A Workaholic
- Vickie McCarty

- 1 day ago
- 2 min read

This is me. This was me. And by God’s grace, I’m healing.
I’m learning—slowly—that I don’t have to stay busy to prove my worth. For most of my life, that’s what I believed. Growing up, it felt like the only time I received genuine praise was when I was doing something for someone else. So I connected being productive with being valuable, purposeful. When people thanked me, applauded me, or needed me, it felt like my purpose. It felt like identity. It felt right. The truth is, I was a lonely girl craving affirmation, and I clung to the approval I got from what I accomplished.

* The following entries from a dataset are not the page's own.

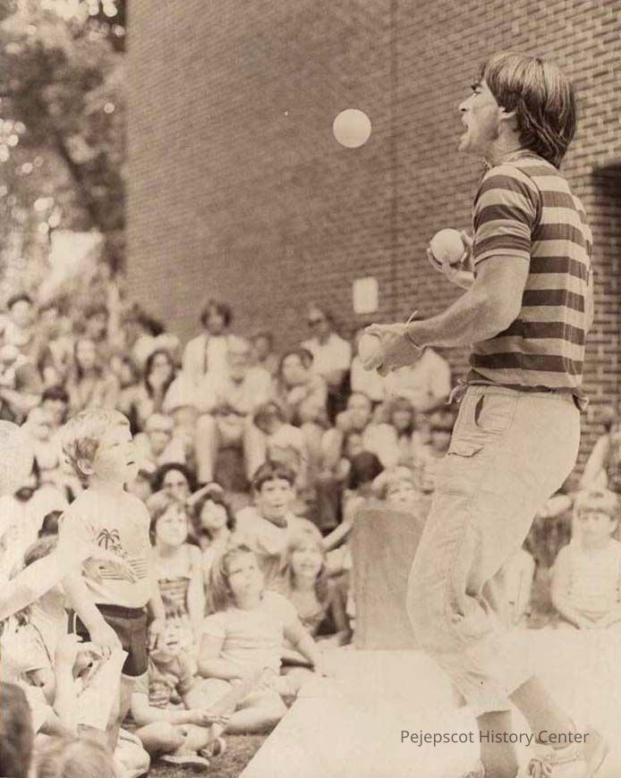 A B/W photographic view of Sam Kilbourn at the Maine Festival.
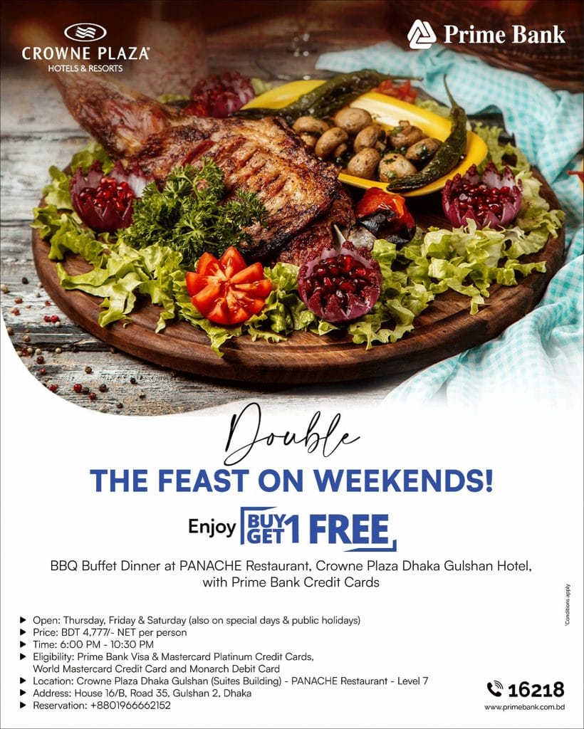 Double the feast on weekends with Buy 1 Get 1 Free BBQ buffet dinner using Prime Bank Credit Cards!
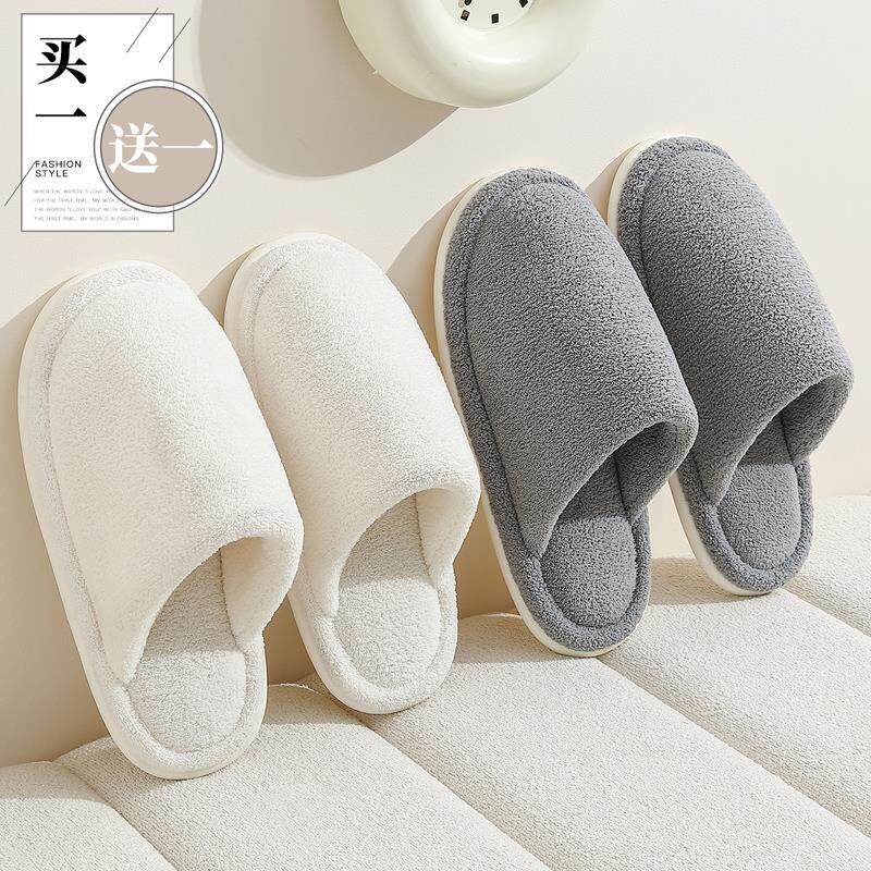 日本MUI 买1送1静音棉拖鞋秋冬2026新款家居室内情侣保暖毛拖鞋
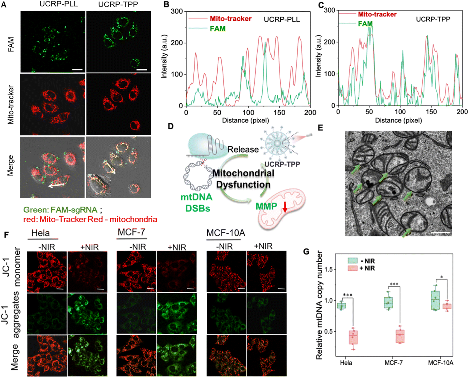 | | Fig. 4 Mitochondrial dysfunction induced by APE-1 and NIR light-triggered UCRP-TPP. (A) CLSM images of HeLa cells treated with UCRP-PLL and UCRP-TPP (FAM-labeled sgRNA), colocalized with MitoTracker (red); scale bar: 20 µm. (B and C) Fluorescence intensity profiles of MitoTracker with (B) UCRP-PLL and (C) UCRP-TPP along the white arrow in (A). (D) Schematic illustration of mitochondrial damage induced by UCRP-TPP. (E) Bio-TEM image of mitochondria in MCF-7 cells after treatment with UCRP-TPP under NIR light irradiation; scale bar: 500 nm. (F) CLSM images of JC-1 staining in HeLa, MCF-7, and MCF-10A cells before and after NIR light irradiation (1.2 w cm−2, 30 min, 980 nm); scale bar: 20 µm. (G) Quantification of mtDNA copy number in HeLa, MCF-7, and MCF-10A cells by qPCR. *P < 0.1, ***P < 0.001. Data represent mean ± SD (n = 3). | |
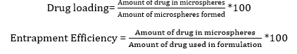 Fifty mg of microspheres was taken and crushed in a glass mortar and pestle. The resulting powdered microspheres were suspended in 50 ml phosphate buffer (pH 6.6). The mixture was stirred using the magnetic stirrer for 24 h. The solution was strained and the filtrate was analysed spectrophotometrically (UV 1800, Shimadzu, Japan) at 278 nm. The drug loading and entrapment efficiency (%) was calculated by applying the following equations [22, 23].
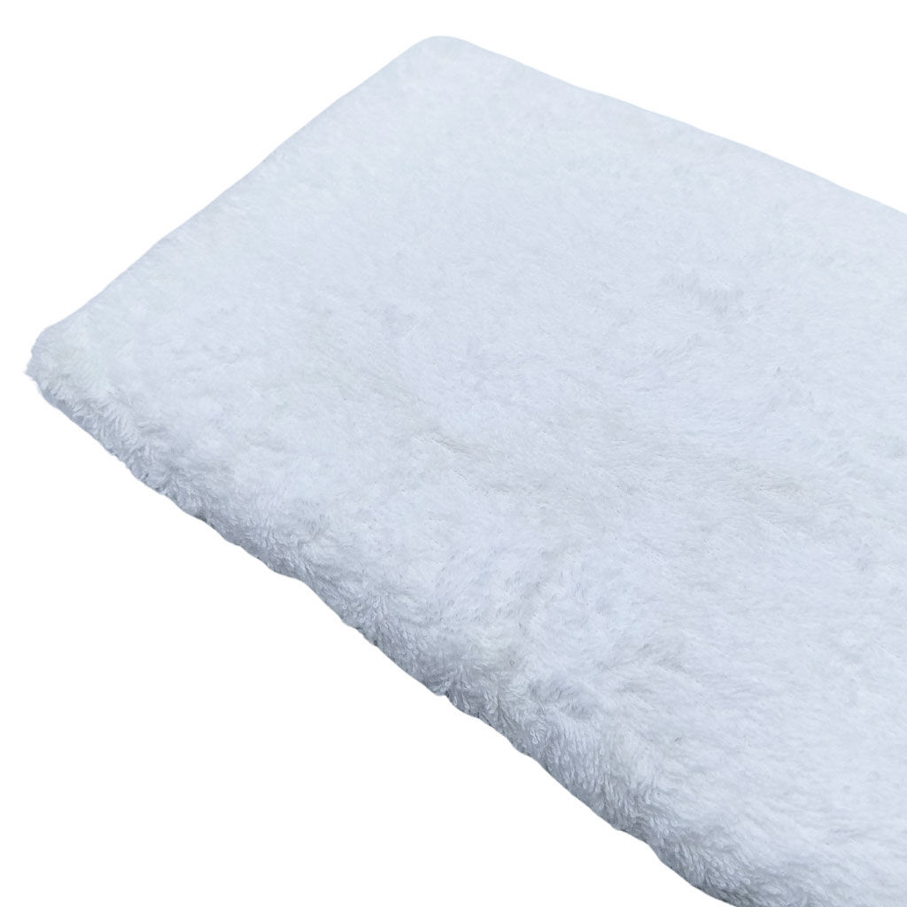 Tela de Rizo Blanco 100% algodón, también llamada felpa o tela de toalla. Es el famoso rizo americano. Perfecto para baño de bebé e infantil, toallas, arrullos, cambiadores. Un tejido excepcional para el hogar.
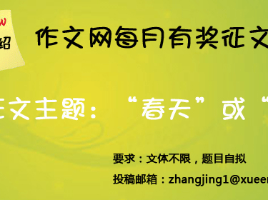歡迎大家來到作文網(wǎng)(www.zhenyuwo.cn)每月征文活動專區(qū),在這里,你可以遨游在浩瀚豐富的作文寶庫,盡情品味精彩文章,提升寫作水平,讓進步伴隨你的左右。每月參與一次征文活動,在輕松的寫作中體味快樂,在作文的海洋展示文學才華,不要再把作文拘泥于任務,讓我們用手中的筆,記錄下每一次成長的快樂吧! 本月征文主題“春天”或“開學感受”,作文體裁不限、字數(shù)不限!都說一年之計在于春,一日之季在于晨,嶄新的2010年春天已經(jīng)向我們迎面而來了,快拿起您的筆,告訴我們,你期盼的春天是什么樣子?春天來了,新學期開始了。許多同學一定會有新的打算、新的希望、新的目標。快來暢所欲言告訴我們你的展望!您的來稿會發(fā)布到學而思作文網(wǎng)(點擊進入),我們還有權(quán)威的專家給你點評,期待廣大網(wǎng)友和同學們積極參與!獲獎文章有可能被雜志采納哦! |
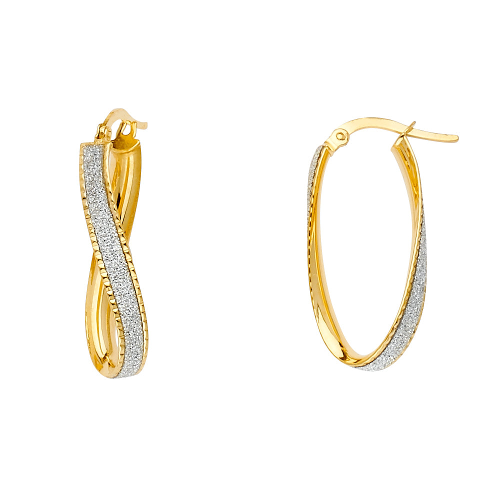 - Design: Presenting Two-Tone Glitter U Shape Earrings in 14k Yellow Gold & White Gold for a chic and versatile accessory
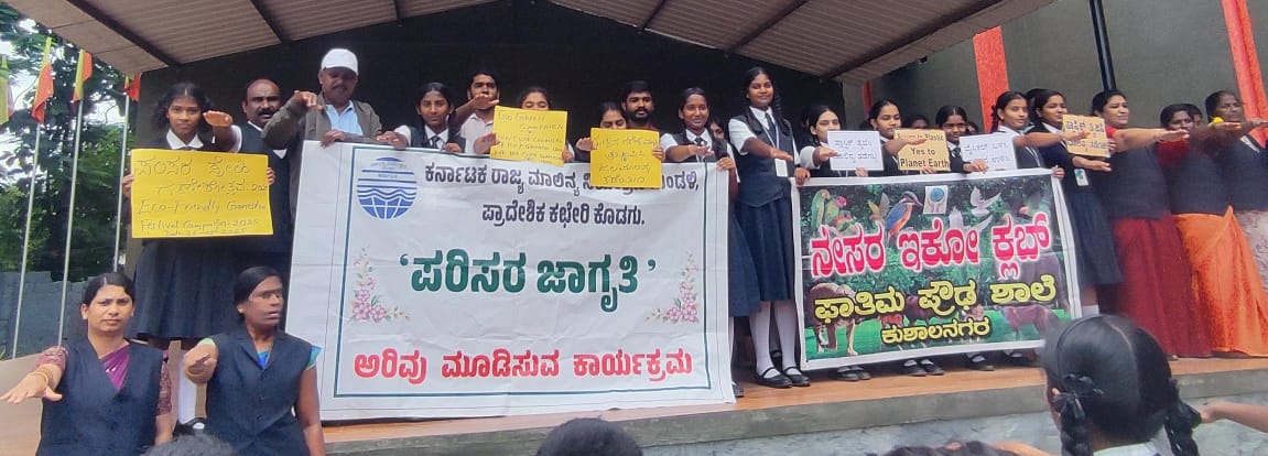 ಕುಶಾಲನಗರ ಆ.26 NEWS DESK : ಕುಶಾಲನಗರ ಫಾತಿಮ ಪ್ರೌಢಶಾಲೆಯಲ್ಲಿ ಕರ್ನಾಟಕ ರಾಜ್ಯ ಮಾಲಿನ್ಯ ನಿಯಂತ್ರಣ ಕೊಡಗು ಪ್ರಾದೇಶಿಕ ಕಛೇರಿ, ಮಡಿಕೇರಿ ವತಿಯಿಂದ ಕರ್ನಾಟಕ ರಾಜ್ಯ ವಿಜ್ಞಾನ ಪರಿಷತ್ತು ಕೊಡಗು ಜಿಲ್ಲಾ ಸಮಿತಿ, ಶಾಲಾ ಶಿಕ್ಷಣ ಇಲಾಖೆ, ಭಾರತ್ ಸ್ಕೌಟ್ಸ್, ಗೈಡ್ಸ್ ಸಂಸ್ಥೆ, ರಾಷ್ಟ್ರೀಯ ಸೇವಾ ಯೋಜನೆ ( ಎನ್.ಎಸ್.ಎಸ್.,) ಶಾಲೆಯ ನೇಸರ ಇಕೋ ಕ್ಲಬ್ ಸಹಯೋಗದೊಂದಿಗೆ ಪರಿಸರ ಸ್ನೇಹಿ ಗಣೇಶೋತ್ಸವ ಜಾಗೃತಿ ಆಂದೋಲನ: 2025 ನಡೆಸಲಾಯಿತು. ಪರಿಸರ ಸ್ನೇಹಿ ಗಣೇಶೋತ್ಸವ ಆಚರಣೆಯ ಮಹತ್ವದ ಕುರಿತು ಮಾಹಿತಿ ನೀಡಿದ ಪರಿಸರ ಜಾಗೃತಿ ಆಂದೋಲನದ ಜಿಲ್ಲಾ ಸಂಚಾಲಕ ಹಾಗೂ ಕೂಡುಮಂಗಳೂರು ಸರ್ಕಾರಿ ಪ್ರೌಢಶಾಲೆಯ ಮುಖ್ಯ ಶಿಕ್ಷಕ ಟಿ.ಜಿ.ಪ್ರೇಮಕುಮಾರ್,
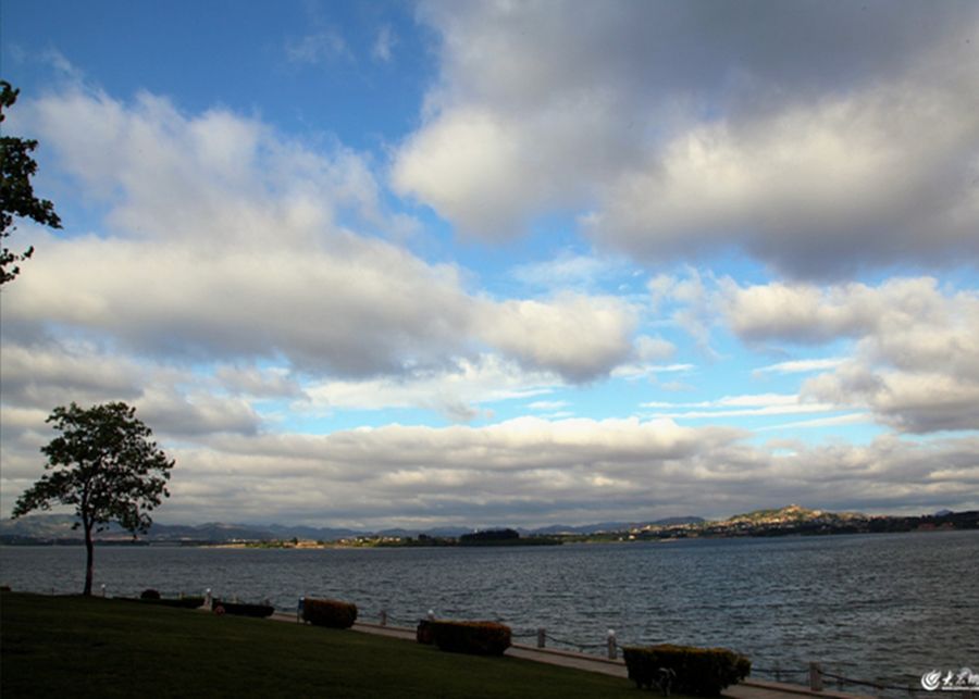 山东泰安迎来蓝天白云晴好天气 青云湖美景如画
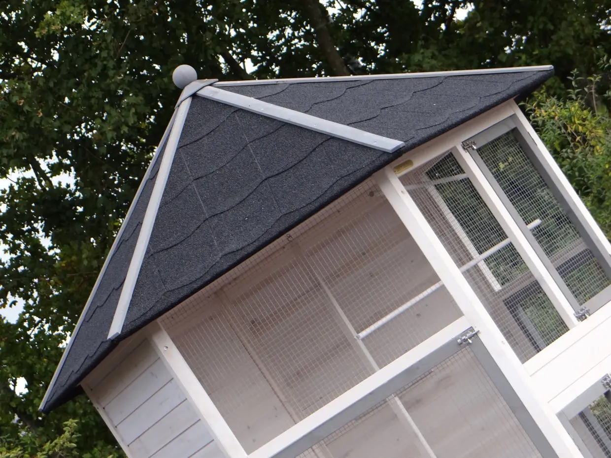 - Die Fertigbearbeitung dieses wirklich wunderschönen Vogelkäfigs erfolgte mit Dachpappe mit Schiefergranulat

But the world we live in feeds that lie. It celebrates busyness, wears exhaustion like a badge of honor, and tells us that constant productivity is the same thing as purpose. Yet underneath the drive of a workaholic heart, there’s almost always a quiet ache. Most of us aren’t working nonstop because we love the work—we’re working because slowing down feels too vulnerable, too exposing. The noise stops, the truth starts speaking.
Old wounds surface.
Buried fears rise.
Loneliness becomes louder.
And the identities we have built around our accomplishments begin to shake.
So we run. We fill every hour, every space, every moment—hoping productivity will protect us from pain.
When we stop doing, God begins working.
When we pause, He restores what constant motion has drained.
When we come out of hiding, He meets us in the open.
Maybe the real miracle God wants to do in our lives isn’t through our efforts, but through our willingness to rest in Him. You don’t have to outrun your past, your feelings, or your fears. You don’t have to earn the love of God. It's time -to rest.